Friday, Dec. 27, 1963

The Kidnaper Who Panicked

"It was," said Frank Sinatra Sr., "a fantastic job. The rapidity of the FBI in this case was just incredible." The FBI certainly did nothing to discredit this notion, and the facts seemed to bear out the idea. Only five days and a few hours after he was taken at gunpoint from a motel room on the California-Nevada state line in the Sierra Nevadas, Frank Sinatra Jr. was back home. Three men had been arrested and charged with his kidnaping, and all but $6,114.24 of a $240,000 ransom payment had been recovered. Besieged by newsmen's requests for details as to how its sleuths had caught up with the kidnapers, the FBI maintained a silence that seemed to betoken deep wisdom as well as becoming modesty.

A Terrified Confession. But as it turned out last week, a more likely reason for the FBI's silence was that it had been handed a solution to the case by a kidnaper who panicked, turned himself in, and blew the whistle on his confederates. John Irwin, 42, an off-and-on house painter with a record ranging from assault to disorderly conduct in four states, was racing south from Los Angeles in a Chevrolet station wagon purchased with $1,000 of the ransom money. As he drove, his fears that capture was inevitable and flight was foolish mounted to terror. In San Juan Capistrano, Irwin stopped, put in a frantic call to his younger brother James, 41, a school purchasing agent, at his home in Imperial Beach, only twelve miles from the Mexican border. The two had not seen each other for several months. But now, said John, it was urgent that they talk privately.

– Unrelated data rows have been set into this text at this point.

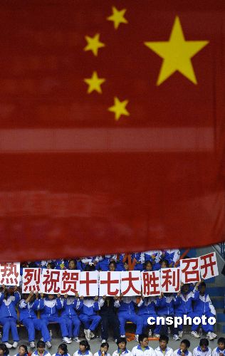 10月20日,2007-2008年全國(guó)男排聯(lián)賽的江蘇與上海男排比賽在江蘇省淮安體育館舉行,觀眾中的這幾位中學(xué)生打出了祝賀中國(guó)共產(chǎn)黨第十七大勝利召開(kāi)的標(biāo)語(yǔ)。中新社發(fā) 淮安曹政 攝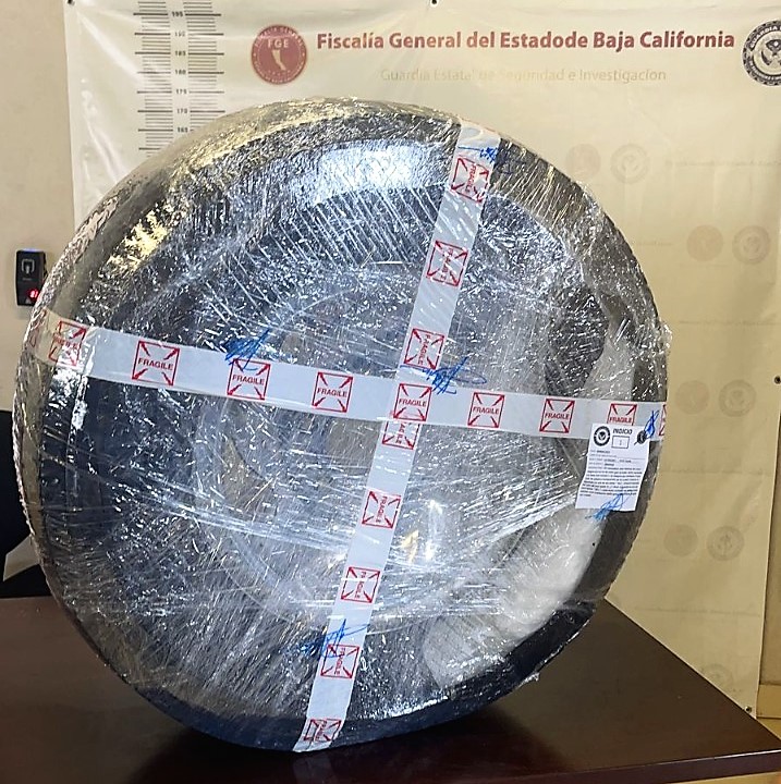 Al interior de la llanta se encontraron cinco bolsas de color transparente, las cuales contenían sustancia granulada al parecer metanfetamina dando un peso de 27.54 kilogramos.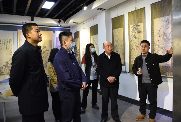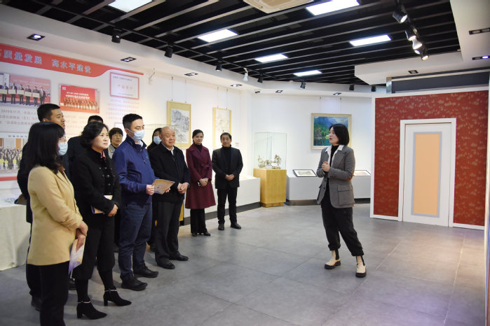 在徽州美术馆,艺术学院党政负责人等向调研评估组一行介绍了艺术学院培养时代新人、造就大国良师的实践,重点介绍了一流专业建设、非遗技艺传承、学科大赛参与、新安画派发展、徽文化元素进艺术创作等。调研组一行在一幅幅作品、一件件实物前驻足流连,细细询问,对青年大学生的创新创意啧啧称赞,认为艺术学院的人才培养具鲜明特色。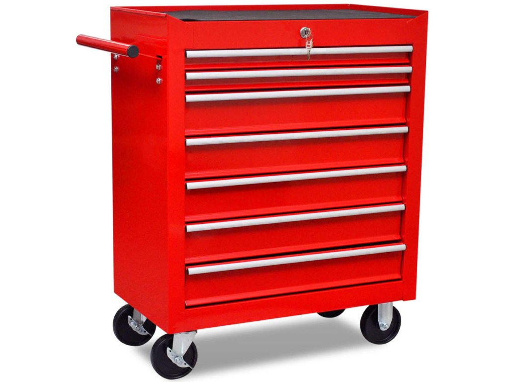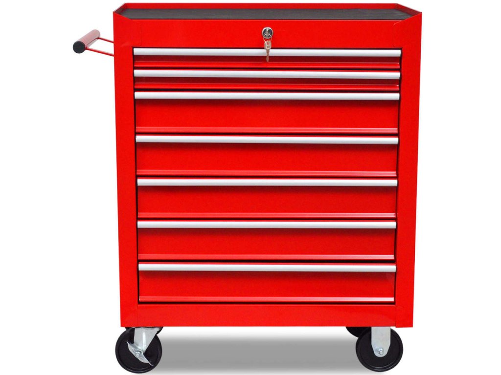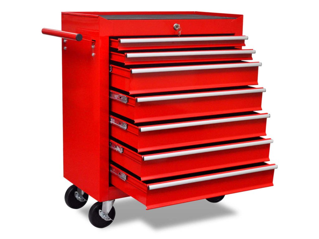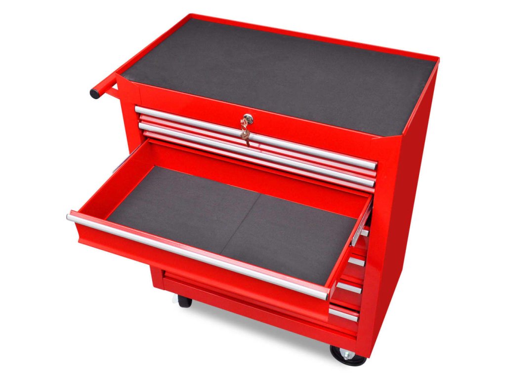 Červený dílenský vozík na nářadí 7 zásuvek 141955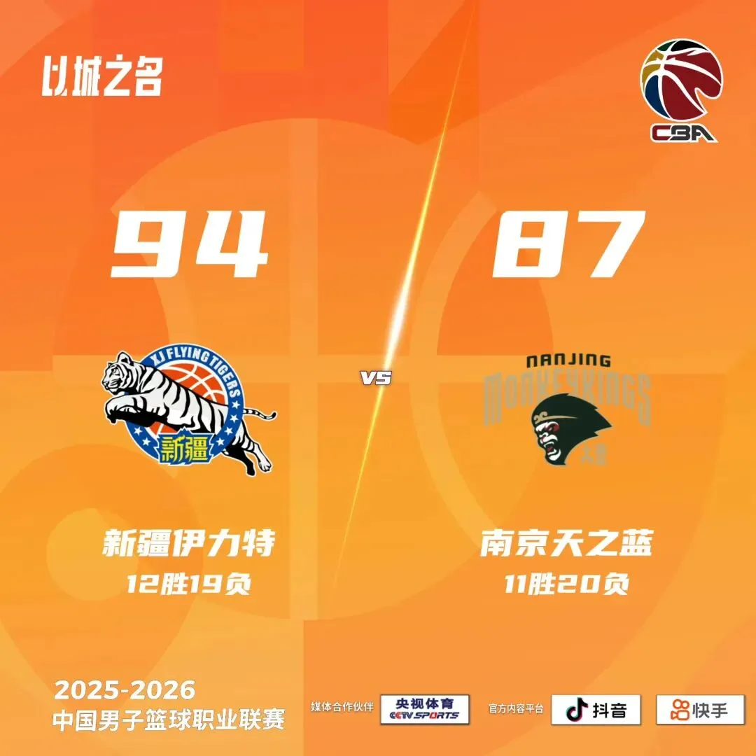 2025-26赛季CBA联赛常规赛第31轮,球队远赴乌鲁木齐,客场挑战新疆伊力特队。上半场,两队打得是你来我往,互有胜负,比分交替上升;第三节,局势风云突变,伊力福拉提、劳森内外开花,带动了新疆全队的进攻,单节得到32分,以12分的优势进入第四节。末节决胜,球队在帕克的策动下果断提速,一度将分差追至4分,只可惜今天球队三分手感不再,最终只得遗憾告负。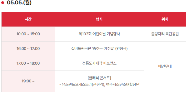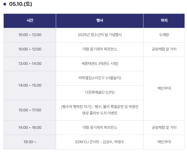 - 기간: 2025년 5월 1일(목) ~ 5월 11일(일)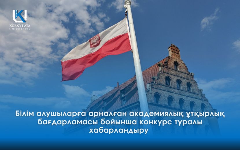 Қорқыт Ата атындағы Қызылорда университетінің халықаралық байланыстар бөлімі серіктес Лодзь университетінде (Польша) ағылшын тілінде оқуға 2025-2026 оқу жылының (15.02-30.06.2026ж.) көктем семестріне арналған академиялық ұтқырлық бағдарламасы бойынша конкурсқа құжаттар қабылдайды. Конкурсқа бакалавриат және магистратура білім алушылары (бітіруші курстардан басқа) келесі білім беру бағдарламалары бойынша қатыса алады: заң және әкімшілік факультеті, экономика және әлеуметтану факультеті, биология және қоршаған ортаны қорғау факультеті, география ғылымдары факультеті, халықаралық және саяси зерттеулер факультеті, философия және тарих факультеті, басқару факультеті, Математика және информатика факультеті, Физика және қолданбалы информатика факультеті, Химия факультеті, Педагогикалық ғылымдар факультеті, Филология факультеті (шетел тілдері және орыс тілі, мәдениеттану және медиатану, журналистика).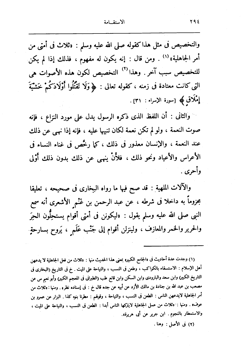 والألات الملهية قد صَحَّ فِيهَا مَا رَوَاهُ البُخَارِيّ فِي صَحِيحه تَعْلِيقا مَجْزُومًا بِهِ دَاخِلا فِي شَرطه عَن عبد الرَّحْمَن بن غنم الْأَشْعَرِيّ أَنه سمع النَّبِي صلى الله عَلَيْهِ وَسلم يَقُول لَيَكُونن فِي أمتِي أَقوام يسْتَحلُّونَ الْحر وَالْحَرِير وَالْخمر وَالْمَعَازِف ولينزلن أَقوام إِلَى جنب علم يروح بسارحة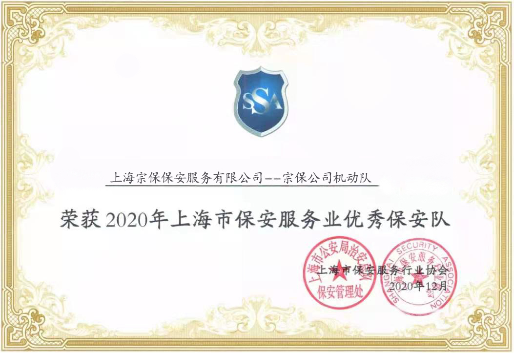 公司機動(dòng)隊被評為“2020年度上海市保安行業(yè)優(yōu)秀保安隊”。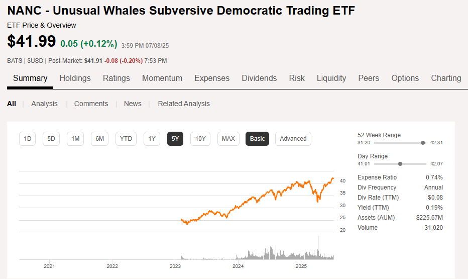 NANC ETF는 Unusual Whales Subversive Democratic Trading ETF라는 정식 명칭을 가진 ETF에요. 미국 민주당 의원들이 투자한 주식들을 따라가는 상품인데요.

Next morning over breakfast in Imperial Beach, John told his story. "He seemed on the verge of collapse," recalls James. "He said he had gotten himself involved in the Sinatra kidnaping. He told me some of the ransom money was in the car." Within half an hour the two brothers decided what they would do. With John listening on an extension phone, James called the FBI in San Diego and told them the story. Agents arrived quickly, arrested John, and recovered $47,938 from a valise in the station wagon outside.

Still Talking. The FBI admitted that it had got some help from young Sinatra. In one of the rare moments when his blindfold was removed, Frank Jr. managed to spot the name of a restaurant on a bag of sandwiches his captors had just bought. That helped narrow the search for the house in which he had been hidden to Los Angeles' Canoga Park area. He carefully counted the aircraft that passed close overhead, helped to establish the fact that the house was in the approach path to an air terminal. It was, as it turned out, the Lockheed Corp. field in Burbank.

That information, plus the confession of Irwin, enabled the FBI to arrest two other suspects--sometime Salesman Barry Keenan, 23, and Beach Bum Joseph Amsler. And John Irwin was still talking. Twice before, he said, he had been involved in a plan to snatch Sinatra. "Once in Arizona," he said, "we just missed connections." On a second occasion, Irwin said, he had convinced his partners that the plan should be abandoned. Both Keenan and Amsler were charged by federal authorities with kidnaping, an offense punishable by a maximum life term in prison. But Irwin was charged only with "aiding and abetting" a kidnaping, a lesser offense punishable by a prison term to be set by the court.